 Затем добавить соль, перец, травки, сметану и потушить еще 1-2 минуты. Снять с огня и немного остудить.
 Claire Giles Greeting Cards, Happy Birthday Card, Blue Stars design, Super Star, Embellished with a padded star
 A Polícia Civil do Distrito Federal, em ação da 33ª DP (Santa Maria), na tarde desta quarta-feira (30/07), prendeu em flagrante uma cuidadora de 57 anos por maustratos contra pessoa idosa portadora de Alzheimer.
...
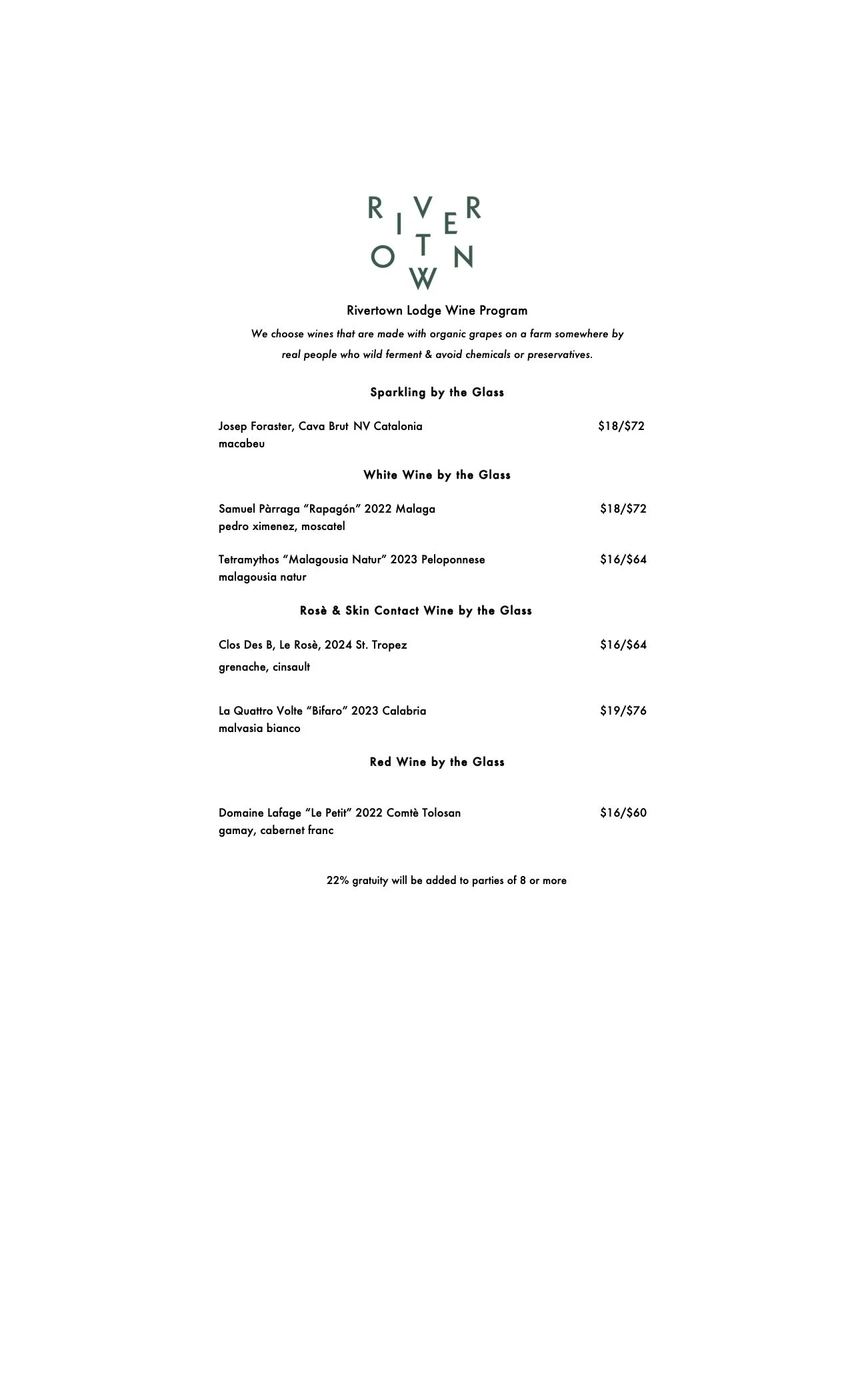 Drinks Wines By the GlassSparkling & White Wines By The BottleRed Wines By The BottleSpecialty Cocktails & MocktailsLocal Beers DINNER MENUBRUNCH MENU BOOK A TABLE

**Prompt**
In the material above, locate the line containing "Затем добавить соль, перец, травки, сметану" and the line containing "A Polícia Civil". Transcribe exactly those two lines and every line between them, and nothing more.

**Answer space**
 Затем добавить соль, перец, травки, сметану и потушить еще 1-2 минуты. Снять с огня и немного остудить.
 Claire Giles Greeting Cards, Happy Birthday Card, Blue Stars design, Super Star, Embellished with a padded star
 A Polícia Civil do Distrito Federal, em ação da 33ª DP (Santa Maria), na tarde desta quarta-feira (30/07), prendeu em flagrante uma cuidadora de 57 anos por maustratos contra pessoa idosa portadora de Alzheimer.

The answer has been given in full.